Phenotypic variability in a family with an inherited KAT6A frameshift variant.

Abstract

KAT6A syndrome or Arboleda-Tham Syndrome (ARTHS; OMIM #616268) is a syndromic neurodevelopmental disorder mainly presenting with variable degrees of intellectual disability (ID) and developmental delay (DD), especially speech delay, hypotonia and autism spectrum disorders/behavioral problems. Multiple organ-systems including eyes, heart, gastrointestinal and neurological system can be involved. Other phenotypic features with a suggested association to KAT6A include immune dysfunction and pituitary anomalies. Initially, ID/DD was reported as universal in KAT6A syndrome; however, two children with normal assessment of intellect and development at age 10 and 11 years, were recently reported.

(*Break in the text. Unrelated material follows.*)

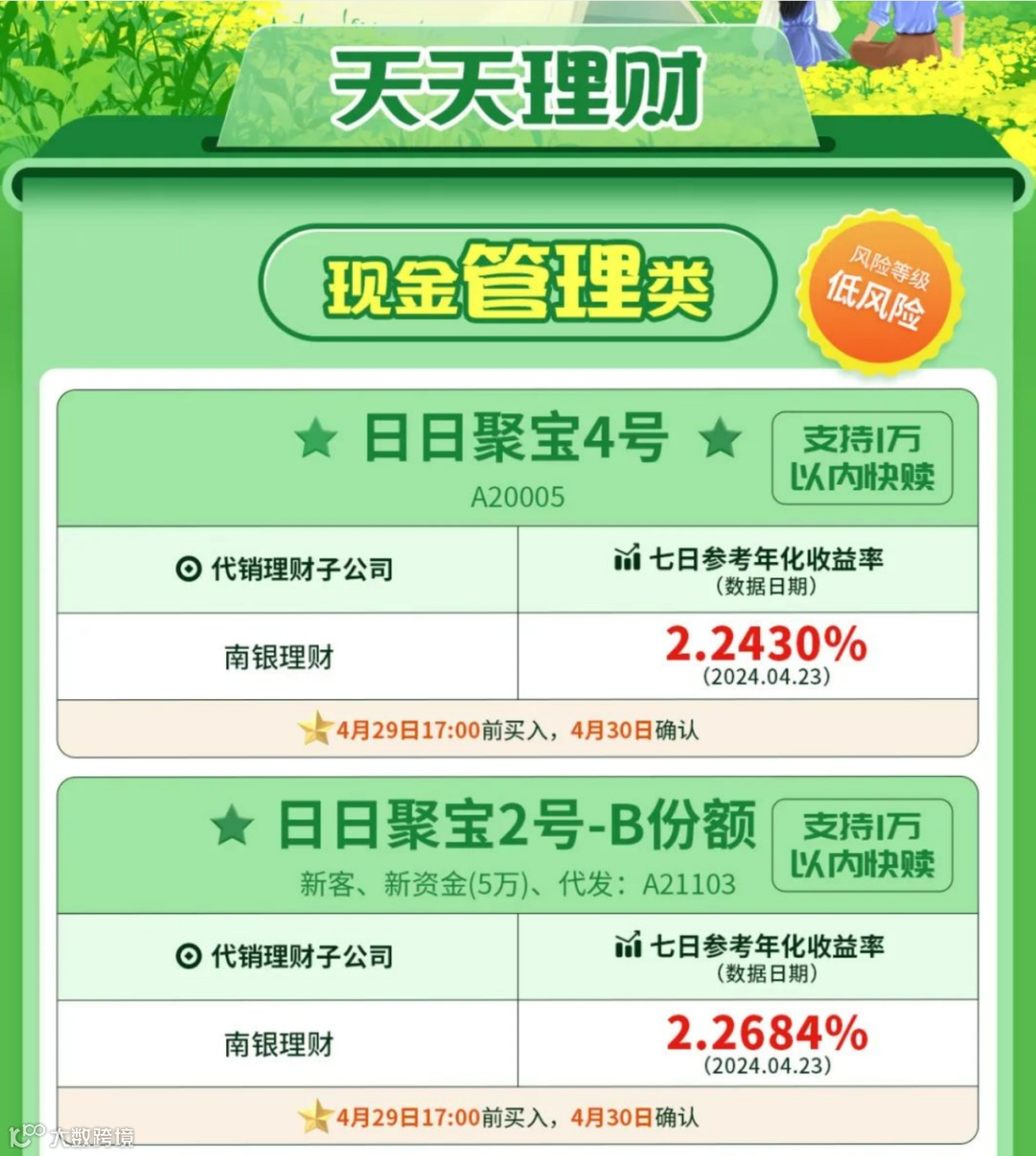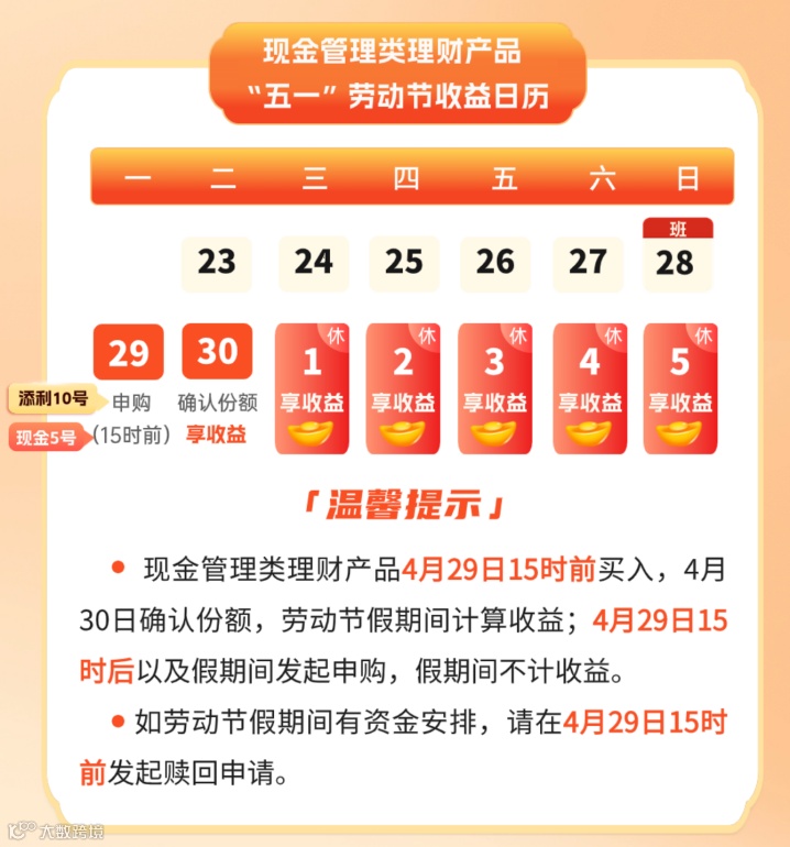 投资者若有意购买现金管理类理财产品或货币基金,并希望能在五一假期期间获得收益,请在4月29日交易时间结束前完成购买,确保在4月30日份额得到确认。但需注意,不同产品的“交易时间”结束时点有所差异,因此在进行具体操作时,建议投资者仔细阅读各产品的说明。

KAT6A syndrome is caused by heterozygous pathogenic variants in KAT6A. Inherited variants are rare, and to our knowledge, only three inherited missense variants in KAT6A have been reported, whereas frameshift and nonsense variants have been inherited from mosaic parents only. Here, we report a Danish family, where an inherited KAT6A frameshift variant c.2710dup (p.(Glu904Glyfs∗12)) show clinical variability in disease phenotype expression among three family members. The description includes an affected first child with premature pubarche (the first individual to our knowledge), a mildly affected second child with normal cognitive performance assessment (the third reported individual with normal assessment of cognition and KAT6A syndrome), and a self-sufficient adult family member. The description expands the phenotypic spectrum of KAT6A syndrome, and thus brings important knowledge for improved management and counselling of patients and families with this rare condition.